> [Problem requirements]: Transcribe the entries exactly. Start at the top, stop after the line with "Across the cosmos, not alone doves’ skies.", and omit every picture.

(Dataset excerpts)
★ ★ ★ ★

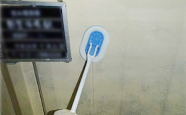 貯水槽専用洗剤による壁面清掃中
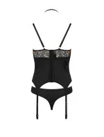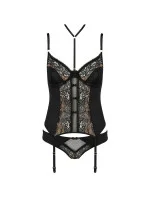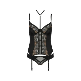 Korzet značky Casmir, model Divine corset. Výrobek je vyroben z 85% polyamidu, 8% elastanu, 7% polyesteru. Místo zapínání: na zádech. Dámský výrobek. Má drátky, které podpírají prsa a správně je tvarují. Bokové kalhotky. Korzet se zapíná na háčky. Výrobek má nastavitelná ramínka. Háčky na ramínka jsou kovové.
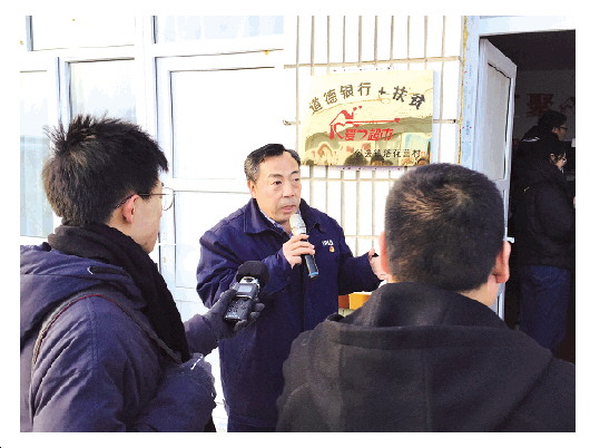 圖為駐落花營村工作隊(duì)第一書記李向明向記者介紹創(chuàng)辦“道德銀行+扶貧愛心超市”給村民帶來的變化。
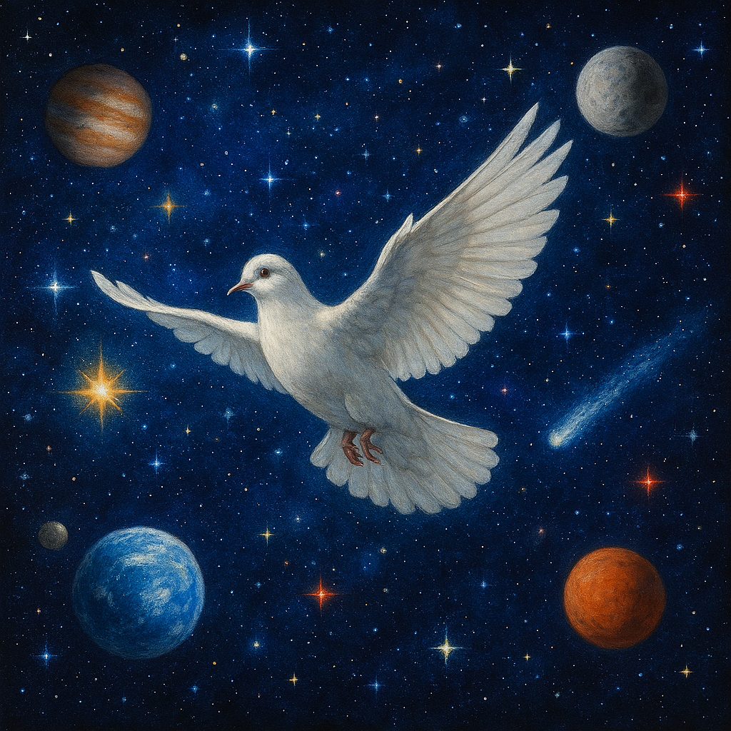 Across the cosmos, not alone doves’ skies.
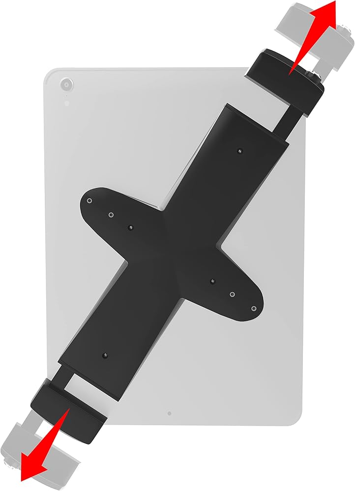 CTA Digital's Universal Security Holder offers an economical solution to those seeking a sleek, versatile, and lockable solution for home offices, work, conference rooms, gyms, and any place that needs a durable tablet mount. The holder grips diagonal corners snugly in place with rubber grips. To insert a tablet, unlock the arms with the included key, adjust to fit, then lock in place. The back features a VESA-compatible 75 and 100mm mounting holes, ready to attach to any of CTA's VESA clamp mounts, wall mounts, or even our mobile floor stands (sold separately).

★ ★ ★ ★

> [Answer to this problem]:
 貯水槽専用洗剤による壁面清掃中
 Korzet značky Casmir, model Divine corset. Výrobek je vyroben z 85% polyamidu, 8% elastanu, 7% polyesteru. Místo zapínání: na zádech. Dámský výrobek. Má drátky, které podpírají prsa a správně je tvarují. Bokové kalhotky. Korzet se zapíná na háčky. Výrobek má nastavitelná ramínka. Háčky na ramínka jsou kovové.
 圖為駐落花營村工作隊(duì)第一書記李向明向記者介紹創(chuàng)辦“道德銀行+扶貧愛心超市”給村民帶來的變化。
 Across the cosmos, not alone doves’ skies.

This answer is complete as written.